Our sample includes 1176 stock portfolios abstracted from the China Stock Markets, dating from January 2018 to December 2019. Missing data were imputed using forward-fill method, since certain data points are missing due to market closures or illiquidity events. The industry-paired strategy achieved an annualized excess return of 12%, significantly outperforming cross-industry pairs (Chen et al., 2020). Therefore, our stock pairs are constructed exclusively within the same industry. This approach corrects the generic pair selection method that ignored industry classification, reducing noise from unrelated stocks. Furthermore, it resolves the cross-industry violation of the Law of One Price demonstrated in Gromb & Vayanos (2010).
This study utilizes the Global Industry Classification Standard (GICS) framework to select constituent stocks classified under the four-digit sub-industry code 2010 (Energy Equipment & Services) as the research sample. Due to missing data on certain trading days or the fact that some stocks were not yet listed in 2018, we ultimately selected only stocks with complete data records (1176 stock pairs).
3.1.3. Data Preprocessing
Our methodology overcomes the narrow focus on limit-order book dynamics highlighted by Bouchaud et al. (2018), which fails to account for corporate actions. Our data curation process systematically excludes stocks undergoing corporate actions such as splits or bonus distributions during the observation period (2018). After the selection, we refined our stock selection to a sample of 22 equities.
During the trade period (2019), the general corporate action adjustment methodology follows standard backward-adjustment procedures: cash dividends are accounted for through ex-dividend day price modifications, while bonus shares and stock splits are handled via proportional adjustments to all historical prices and trading volumes, with all calculations utilizing WIND’s official adjustment factors when applicable. However, our analysis confirms that none of the selected stocks underwent corporate actions during 2019, allowing the use of raw price series without adjustment.

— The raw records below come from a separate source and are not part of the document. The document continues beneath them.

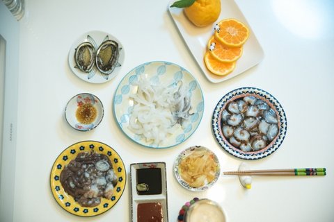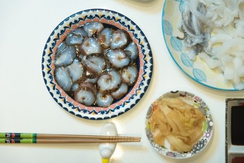 산낙지,무늬오징어회,홍해삼에 술한잔
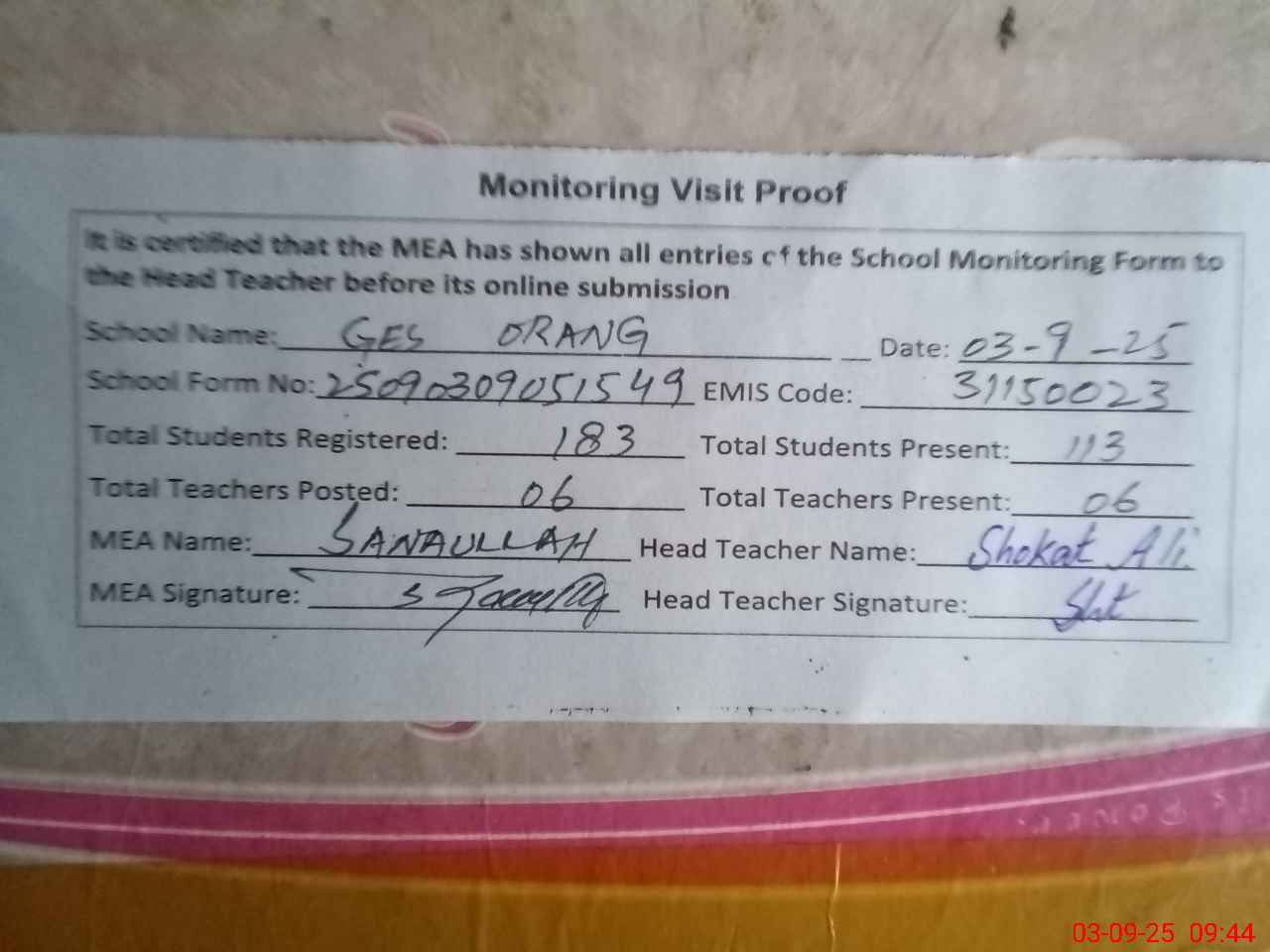 | EMIS Code: 31150023 | Name of School: GES ORRANG | |||
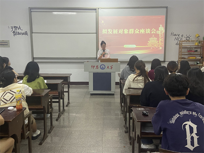 11月3日,beat365在线体育官网登录入口学生党支部于普照201教室召开拟发展对象群众座谈会,会议由杨丹主持,beat365在线体育官网登录入口各班团支书和群众代表参加此次活动。
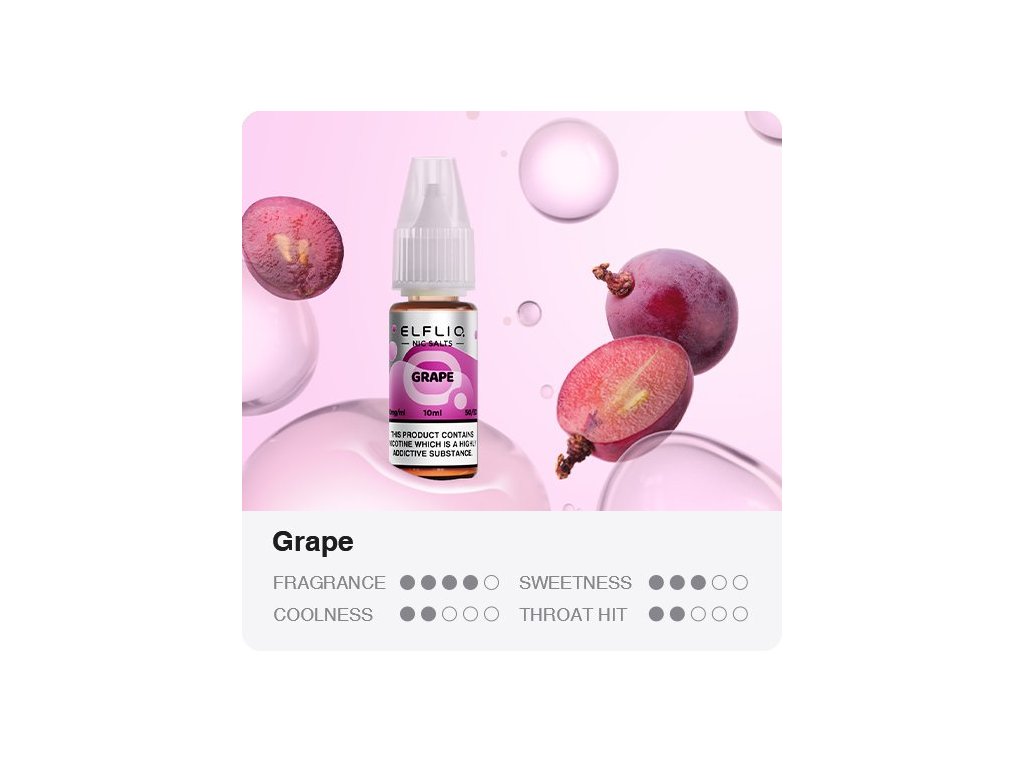 Chuť čerstvých hroznů se sladkokyselou dochutí... Společnost Elf Bar je ve světě vapingu opravdovým fenoménem dnešní doby. Jejich jednorázové elektronické cigarety si našly miliony příznivců po celém světě, a to díky jejich nezapomenutelné a jedinečné chuti liquidu. Nyní si pro svoje fanoušky Elf Bar přichystal i samotný E-liquid ELFLIQ Nic SALT, který se od běžných liquidů odlišují tím, že má nižší PH a obsahuje nikotinovou sůl, díky které dochází k rychlejší a kvalitnější vstřebatelnosti = bez dráždivého pocitu v krku oproti klasickým liquidům. Vyvážený poměr 50VG/50PG je vhodný do všech typů elektronických cigaret.
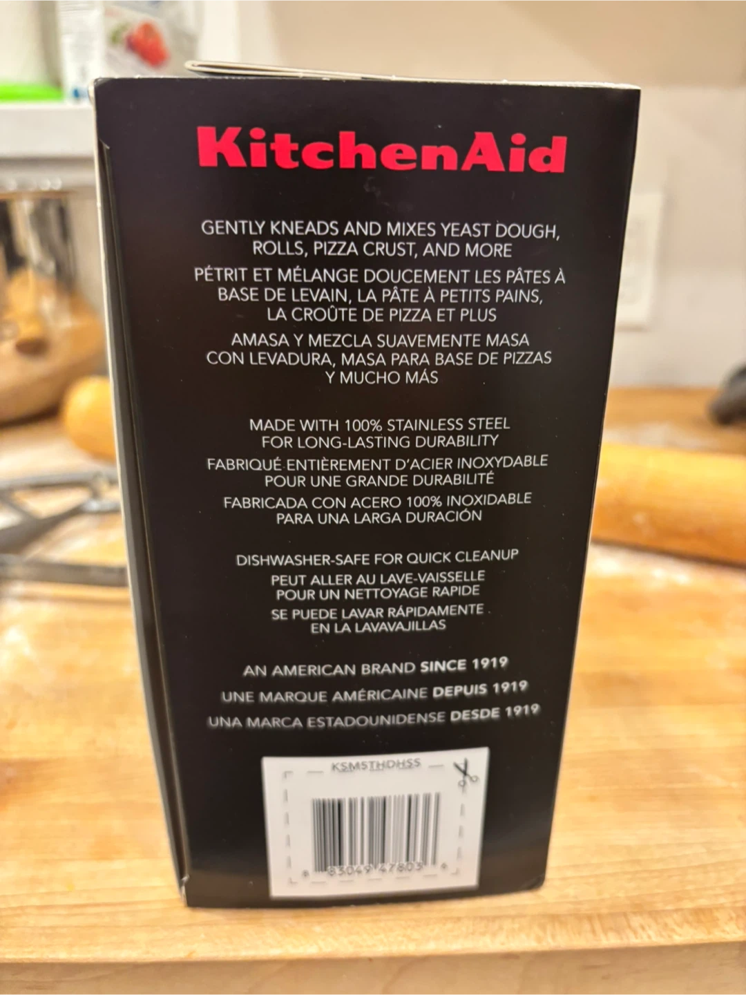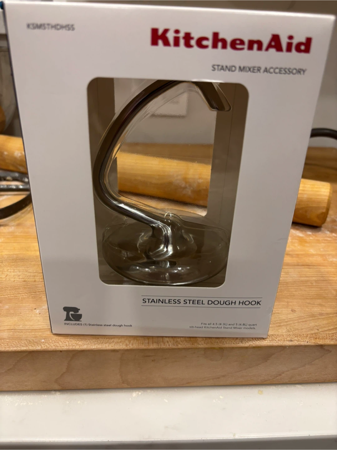 Brand new KitchenAid stainless steel dough hook! This accessory gently kneads and mixes yeast dough, rolls, pizza crust, and more. It's made with 100% stainless steel for long-lasting durability and is dishwasher safe for quick cleanup. Fits all 4.5 (4.3L) and 5 (4.8L) quart tilt-head KitchenAid stand mixers. Box included
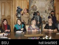 Описание изображения: В рамках празднования юбилея БГУ 26 октября состоялась встреча ректора БГУ Сергея Абламейко с представителями 20 республиканских СМИ. Журналисты за широкое и обстоятельное освещение деятельности БГУ были награждены дипломами и подарками.
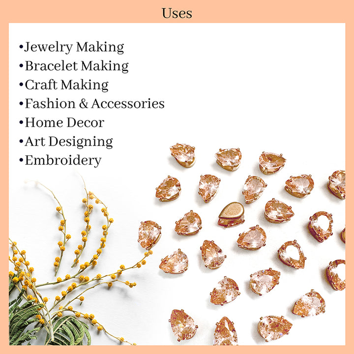 Elevate your crafts, jewelry, and embroidery projects with our exquisite Light Gold Crystal Rhinestones in Golden Metal Back Crown Prong Setting. Crafted from high-quality crystal glass and set in golden brass, these Tear Drop-shaped rhinestones measure 5X7MM each, offering a perfect balance of elegance and versatility.
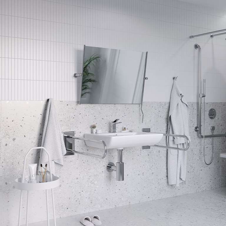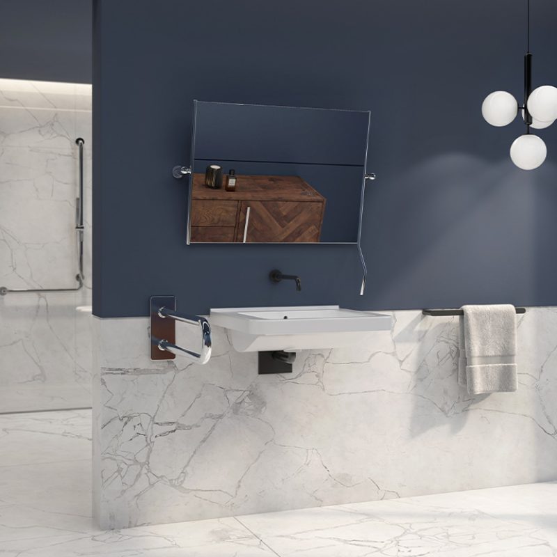 Das Modell Med ST Atom wurde für Menschen mit Behinderungen sowie für ältere Menschen und solche mit Mobilitätsproblemen entwickelt. Es ermöglicht außerdem allen Badezimmerbenutzern, bequem durch die Spiegelfläche zu navigieren.
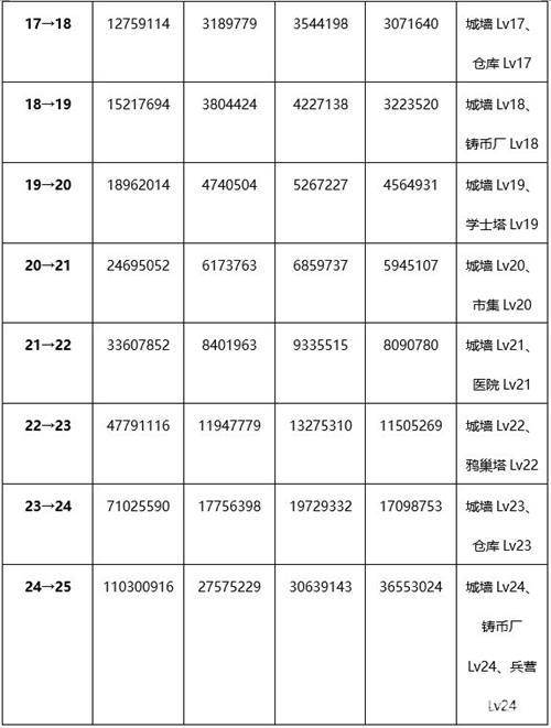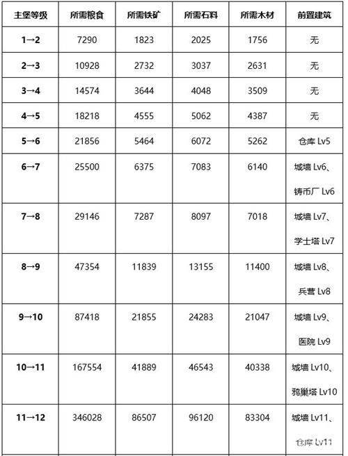 主堡每升一级都需要消耗一定的粮食、铁矿、石料与木材等资源,其提升至5级以上后,都还需一些前置建筑达到一定的等级主堡才可继续升级。且主堡所升等级越高,需要消耗的资源越多。

Inspired by the Gatev et al., (2006), pairs trading: Performance of a relative-value arbitrage rule, we consider selecting the cointegrated stock portfolio. In the research, we consider combining Pearson and time series methods to find the cointegrated stock portfolio. We set the rough rule below:
According to the stock price, when the correlation is greater than 0.8, it is initially considered that the price trends of the two stocks are synchronous, making them suitable for pairs trading. If the p-value of the ADF (Augmented Dickey-Fuller) test is less than 0.1, it indicates that the price spread is stationary and there is a cointegration relationship. We relax the p-value threshold to 0.1, consistent with Harvey et al. (2016) who show that the conventional 0.05 threshold eliminates over 80% of potentially profitable signals in financial studies. We select the stock pairs that satisfy both requests.
We excluded limit-hit days to prevent market regulation distortions from affecting the true cointegration of stock pairs. Then we use the figures in 2018 (242 days in total) to check each possible stock portfolio as the base information for the actual trade starting in 2019. The final sample comprised 13 pairs.
Table 1 illustrates the complete data processing workflow.
Table 1. Pair selection process overview.
Stage |
Stocks |
Pairs |
Initial GICS Pool |
1076 |
- |
Complete Minute Data |
49 |
1176 |
Post-Corporate Check |
22 |
213 |
Correlation + ADF |
11 |
13 |
Final Pairs |
11 |
13 |
3.2. Characteristics of Pairs Trading in the Chinese Stock Market
In the Chinese stock market, the pronounced industry correlation-driven mechanism serves as a pivotal factor in identifying stock portfolios that closely adhere to the “Law of One Price” principle. By rigorously applying the Global Industry Classification Standard (GICS) framework, the paired stocks are predominantly influenced by common industry factors, thereby significantly mitigating the risks associated with fundamental divergences. This approach not only enhances the theoretical soundness of the pairing strategy but also strengthens the empirical validity of the price co-movement hypothesis.
Furthermore, China’s distinctive industrial policies play a crucial role in aligning price dynamics within sectors, which in turn accelerates the mean-reversion process. These policies act as catalysts for synchronized price movements, creating an environment conducive to the effective implementation of statistical arbitrage strategies.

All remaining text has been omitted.